Cooking At Home: Sun-Dried Figs


Now that I have a fig tree that just keeps on giving {during this time of year, that is} I've been hopping onto the web to find out ways to dry figs without actually having a dehydrator.  The problem seems to be that without a dehydrator one must use the oven and with the oven one must have an oven that goes as low as 170 degrees F, which of course as you know is rarely the case.  But the sites take this into consideration and suggest propping open the oven door during the duration of the drying process to lower temperature which of course takes many MANY hours.  I was beginning to think that drying figs would be great but actually doing it may be a huge problem and much too troublesome for me to actually try.  But after days of mulling it over in the back of my head I realized that I would just do it the old fashion way, sun-drying.  If drying figs in the oven would take many hours than surely I can stand a few more hours while these figs sun-dried naturally, plus I wouldn't have to be stuck around the house all day baking into a puddle of sweat as a result of a propped oven door.


I created my own little drying area for my figs, I know I know, it looks absolutely amateur, funny and not all too attractive but it does the trick.  I used my cooling baking rack to place the figs, as the baking racks have little feet it insures air flow all around the figs and not just on top {I'm no pro but I think this may be important}.  I used stray bricks to make a short wall, short because you want the figs to get as much sun as they can {shorter the wall, shorter the shade}.  Then I used a small window screen on top to shield the figs from bugs and birds and things while still allowing ample sunlight to pass through.
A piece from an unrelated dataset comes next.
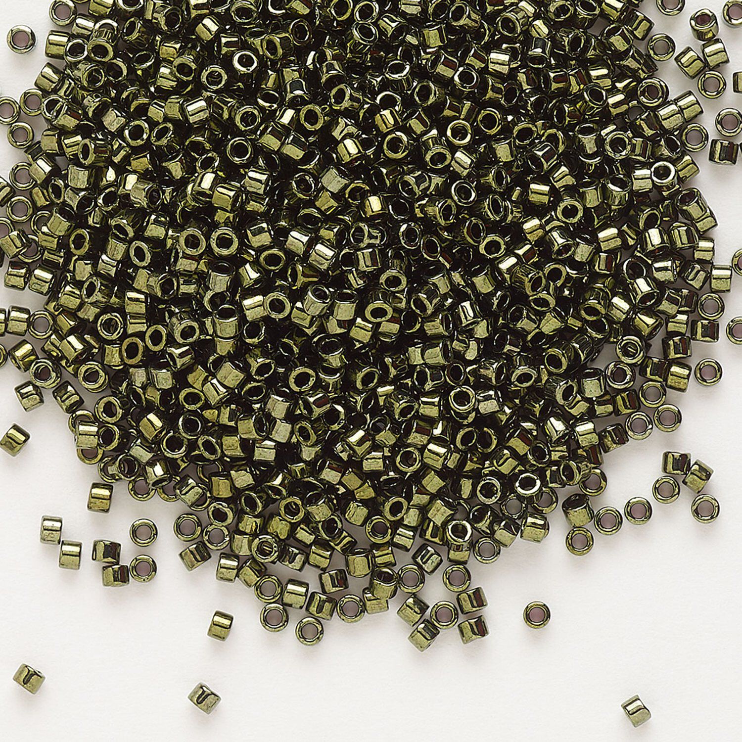 Seed bead, Delica®, glass, pkg/50g, #11 round, opaque metallic olive (DB-0011).

I check my fig tree every couple days for more figs to try and dry, I simply add them straight to the drying rack after being washed.  I put out the figs on the racks in the morning when the sun is out and take the rack with the drying figs when the sun goes down to protect them from the night time moisture.  I've been doing this for about a week now and I can see the figs drying, withering away into robust flavor dried figs.


The figs aren't nearly dry enough to be considered dried figs but I went ahead and ate one today anyway just so that you can see what it looks like on the inside.  the fig has only been drying for a week in the sun so it wasn't completely dried, it was absolutely delicious all the same, the skin was pretty dry and wrinkly, the inside was beginning to get real jammy and gooey, and tasted of fig jam too!  Hence you don't even have to wait for the figs to completely dry to eat them, I believe they'll taste wonderful at any stage.  A little bit of blue cheese and half-dried jammy figs on a cracker would be pretty tasty {just a little tip}.


P.S.
A majority of the sites seem to say that the surest way to know your figs are fully ripe is if they fall from the tree.  If you've got a fig tree like mine where they just burst when they ripe and don't fall at all, pick the figs when they're just about to ripen and allow them to ripen fully on your kitchen counter, once ripe you can add them to the drying tray.